== Data section ==

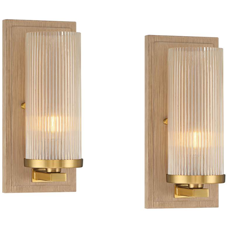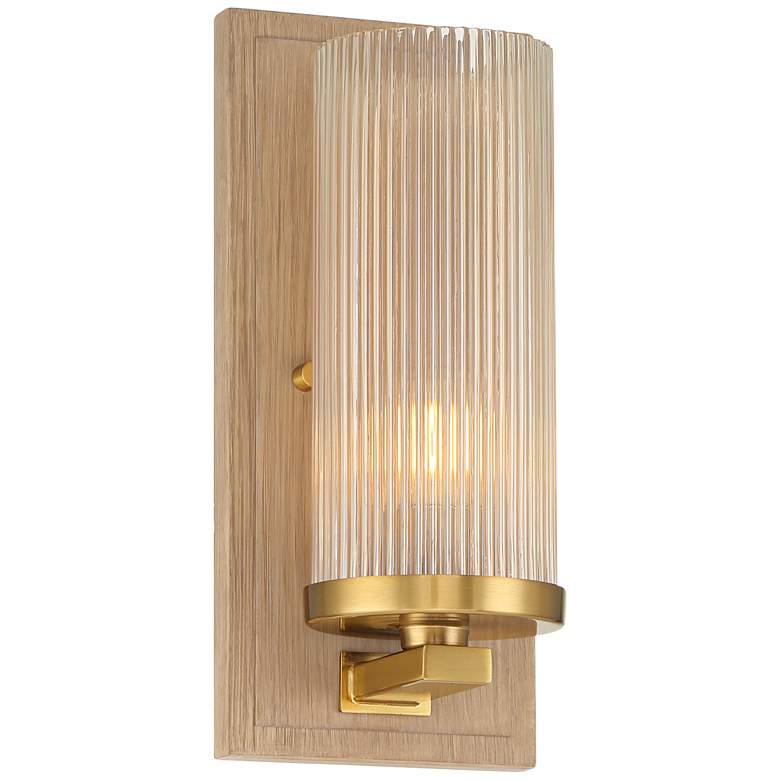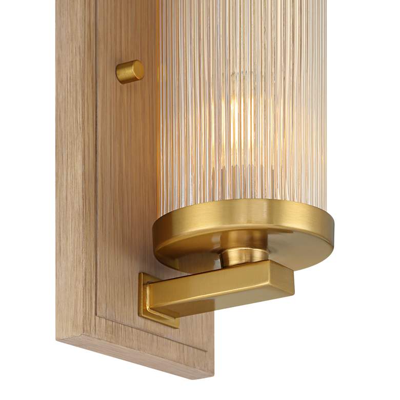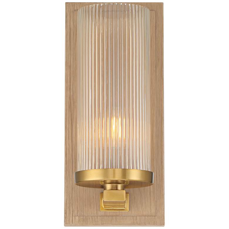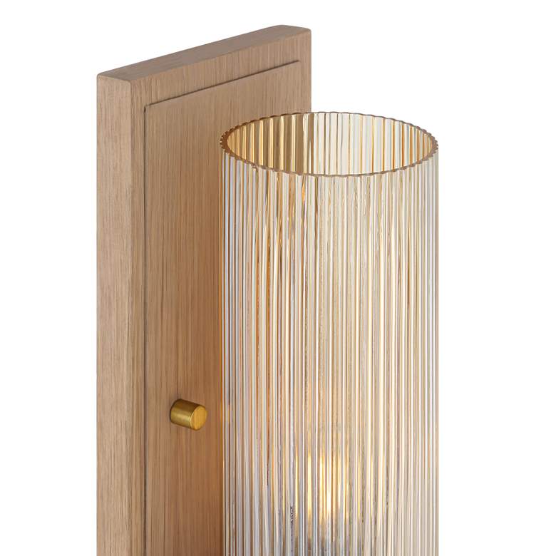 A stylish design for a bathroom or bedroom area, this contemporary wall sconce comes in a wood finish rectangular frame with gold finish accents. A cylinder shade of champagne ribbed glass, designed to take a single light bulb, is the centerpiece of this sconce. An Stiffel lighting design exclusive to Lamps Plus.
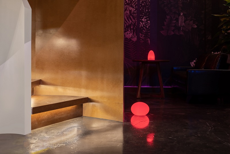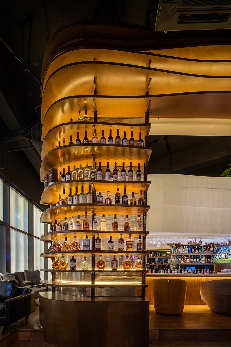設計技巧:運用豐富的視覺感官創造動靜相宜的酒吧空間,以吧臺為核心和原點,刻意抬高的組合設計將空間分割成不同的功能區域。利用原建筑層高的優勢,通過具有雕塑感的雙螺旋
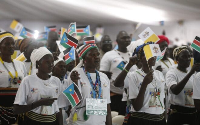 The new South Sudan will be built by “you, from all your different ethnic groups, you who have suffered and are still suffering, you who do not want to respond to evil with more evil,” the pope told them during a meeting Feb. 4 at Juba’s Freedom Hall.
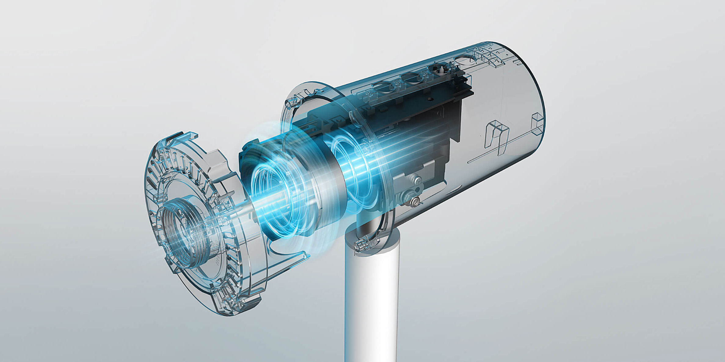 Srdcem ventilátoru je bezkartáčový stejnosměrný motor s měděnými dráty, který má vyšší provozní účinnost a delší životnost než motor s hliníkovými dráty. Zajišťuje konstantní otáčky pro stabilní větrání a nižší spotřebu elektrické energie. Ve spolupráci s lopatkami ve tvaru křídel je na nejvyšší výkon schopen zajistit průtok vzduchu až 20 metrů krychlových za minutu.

===

◆ Directions:
Please leave the images out and retype the rest of the material exactly.

◆ Task response:
 A stylish design for a bathroom or bedroom area, this contemporary wall sconce comes in a wood finish rectangular frame with gold finish accents. A cylinder shade of champagne ribbed glass, designed to take a single light bulb, is the centerpiece of this sconce. An Stiffel lighting design exclusive to Lamps Plus.
設計技巧:運用豐富的視覺感官創造動靜相宜的酒吧空間,以吧臺為核心和原點,刻意抬高的組合設計將空間分割成不同的功能區域。利用原建筑層高的優勢,通過具有雕塑感的雙螺旋
 The new South Sudan will be built by “you, from all your different ethnic groups, you who have suffered and are still suffering, you who do not want to respond to evil with more evil,” the pope told them during a meeting Feb. 4 at Juba’s Freedom Hall.
 Srdcem ventilátoru je bezkartáčový stejnosměrný motor s měděnými dráty, který má vyšší provozní účinnost a delší životnost než motor s hliníkovými dráty. Zajišťuje konstantní otáčky pro stabilní větrání a nižší spotřebu elektrické energie. Ve spolupráci s lopatkami ve tvaru křídel je na nejvyšší výkon schopen zajistit průtok vzduchu až 20 metrů krychlových za minutu.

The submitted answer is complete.